_ASSIGNED TASK_
Write the following entries out again exactly, skipping each image.

_RECORDS SUPPLIED_
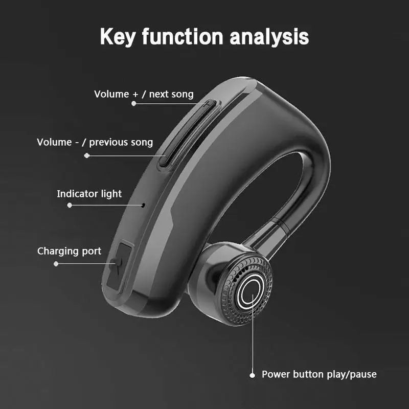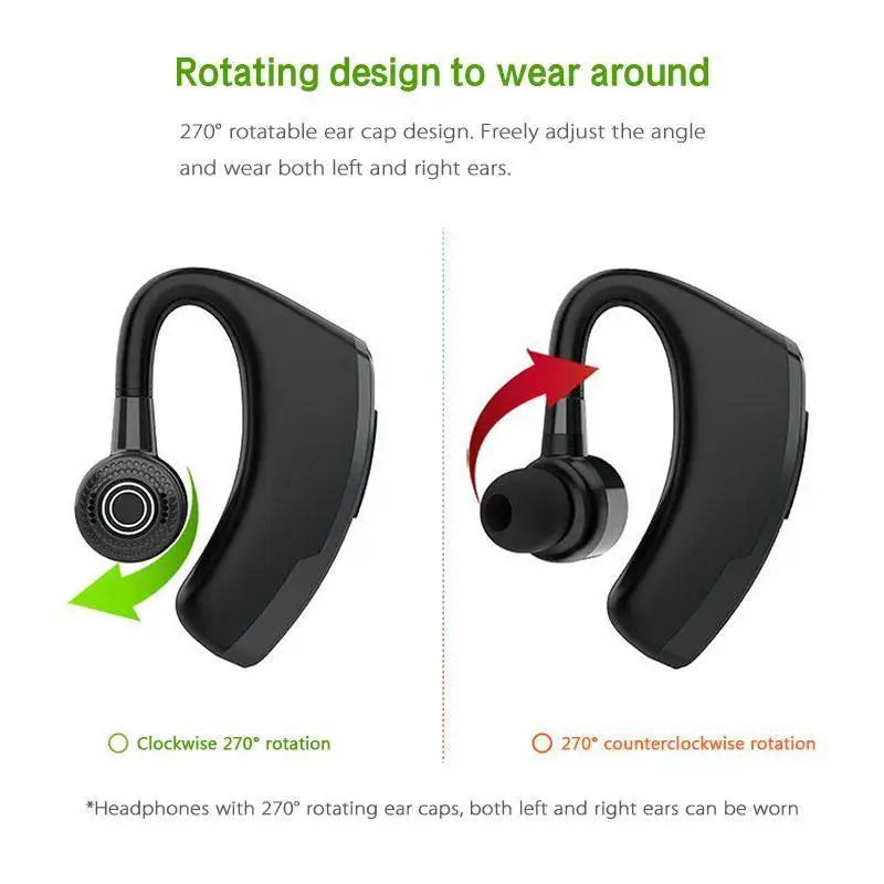 Особенности: -Отчет об идентификаторе вызывающего абонента: сообщите номер телефона, приостановите музыку для входящих звонков. -Распознавание голоса: Управление громкой связью без нажатия кнопок с помощью технологии распознавания голоса, просто скажите «да», чтобы ответить или сказать «нет», чтобы отказаться от вызова. -Технология шумоподавления: технология тройного микрофона подавляет фоновый шум и шум ветра в толпе. -Технология защиты от пота: защищает эту Bluetooth-гарнитуру от пота и разливов кофе, поэтому вы можете носить гарнитуру в офисе или в тренажерном зале. -Регулируемый ушной вкладыш на 270 ° позволяет регулировать угол, чтобы он соответствовал правому или левому уху. -Вы также можете перемещать микрофон стрелы вверх и вниз, это позволяет людям легко определить, звоните вы по телефону или нет. -Увеличение емкости аккумулятора обеспечивает максимально длительное время использования (при полной зарядке), он отображает счетчик аккумулятора на вашем смартфоне, напомнит вам о быстрой зарядке в следующий раз: Время ожидания: 20 дней Время разговора: 10 часов Время воспроизведения музыки: 6-8 часов Время зарядки: 1-2 часа Упаковочный лист: 1 Bluetooth-гарнитура 1 * USB-кабель для зарядки 1 * Руководство пользователя 1 * коробка
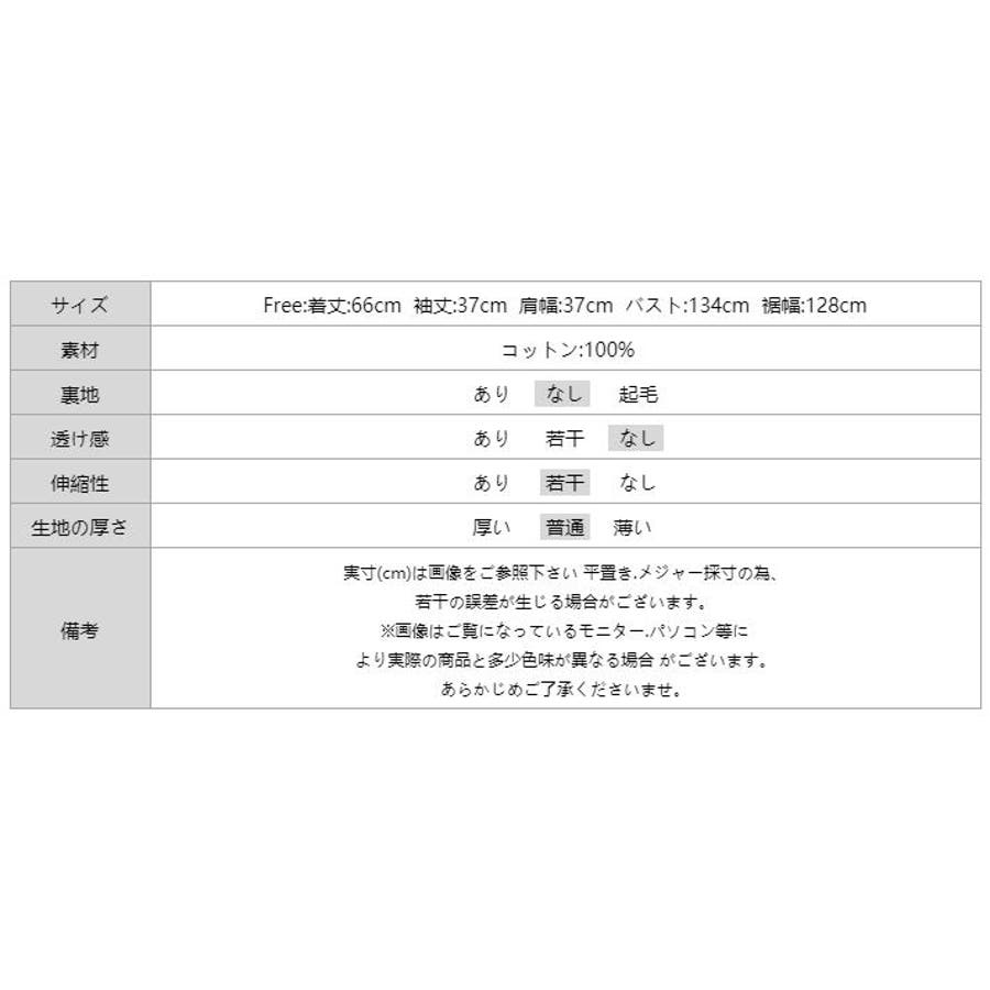 | サイズ | Free: 着丈 66cm 袖丈 37cm 肩幅 37cm バスト 134cm 裾幅 128cm |
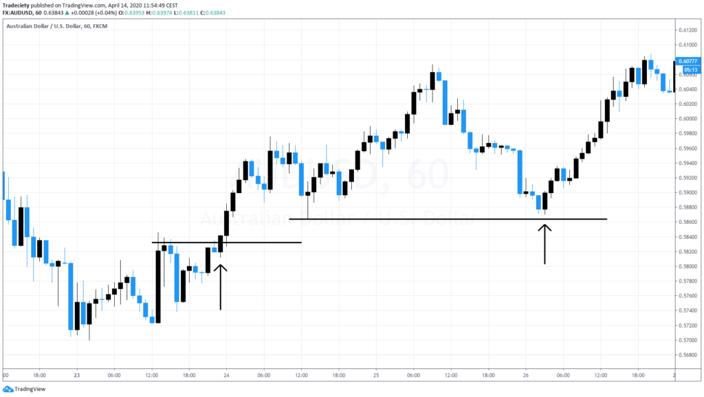 So here you can see the market has a very strong bullish candle, then a very small bearish candle and then here it has a strong bullish candle. Here we have the same picture, small bullish or bearish candle and strong bullish candle. It is not enough to trade an outside bar on its own. They are not strong enough signals. Keep or remember or just seeing in this context you will see that those are just single candle sticks so we need to apply context and other rules to the outside bar. It is example we or I use support and resistance and swing highs and lows to complement as trading idea. So here you can see this outside bar happens right at the previous high point so this isn’t a breakout confirmation. The market is breaking above the previous highs, continuing the uptrend that was already started. In this context, the market is coming back into a previous support level.
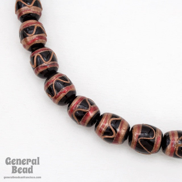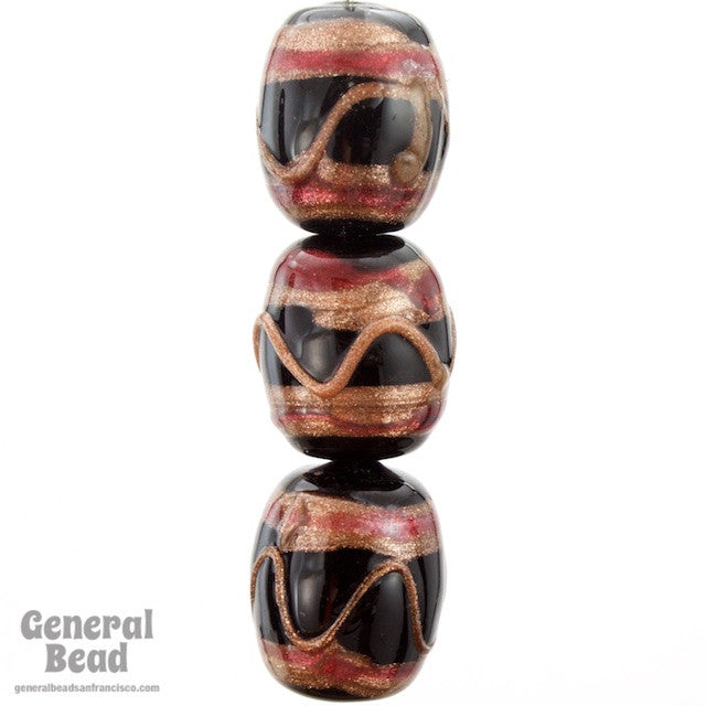 16mm Black and Gold Lampwork Oval Bead (6 Pcs) #4502
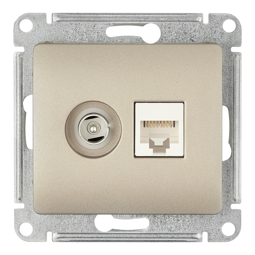 Розетка телевизионная/ компьютерная Systeme Electric Glossa встраиваемая титан TV/ RJ45 (GSL000489)

_THE COMPLETED TASK_
 Особенности: -Отчет об идентификаторе вызывающего абонента: сообщите номер телефона, приостановите музыку для входящих звонков. -Распознавание голоса: Управление громкой связью без нажатия кнопок с помощью технологии распознавания голоса, просто скажите «да», чтобы ответить или сказать «нет», чтобы отказаться от вызова. -Технология шумоподавления: технология тройного микрофона подавляет фоновый шум и шум ветра в толпе. -Технология защиты от пота: защищает эту Bluetooth-гарнитуру от пота и разливов кофе, поэтому вы можете носить гарнитуру в офисе или в тренажерном зале. -Регулируемый ушной вкладыш на 270 ° позволяет регулировать угол, чтобы он соответствовал правому или левому уху. -Вы также можете перемещать микрофон стрелы вверх и вниз, это позволяет людям легко определить, звоните вы по телефону или нет. -Увеличение емкости аккумулятора обеспечивает максимально длительное время использования (при полной зарядке), он отображает счетчик аккумулятора на вашем смартфоне, напомнит вам о быстрой зарядке в следующий раз: Время ожидания: 20 дней Время разговора: 10 часов Время воспроизведения музыки: 6-8 часов Время зарядки: 1-2 часа Упаковочный лист: 1 Bluetooth-гарнитура 1 * USB-кабель для зарядки 1 * Руководство пользователя 1 * коробка
 | サイズ | Free: 着丈 66cm 袖丈 37cm 肩幅 37cm バスト 134cm 裾幅 128cm |
 So here you can see the market has a very strong bullish candle, then a very small bearish candle and then here it has a strong bullish candle. Here we have the same picture, small bullish or bearish candle and strong bullish candle. It is not enough to trade an outside bar on its own. They are not strong enough signals. Keep or remember or just seeing in this context you will see that those are just single candle sticks so we need to apply context and other rules to the outside bar. It is example we or I use support and resistance and swing highs and lows to complement as trading idea. So here you can see this outside bar happens right at the previous high point so this isn’t a breakout confirmation. The market is breaking above the previous highs, continuing the uptrend that was already started. In this context, the market is coming back into a previous support level.
 16mm Black and Gold Lampwork Oval Bead (6 Pcs) #4502
 Розетка телевизионная/ компьютерная Systeme Electric Glossa встраиваемая титан TV/ RJ45 (GSL000489)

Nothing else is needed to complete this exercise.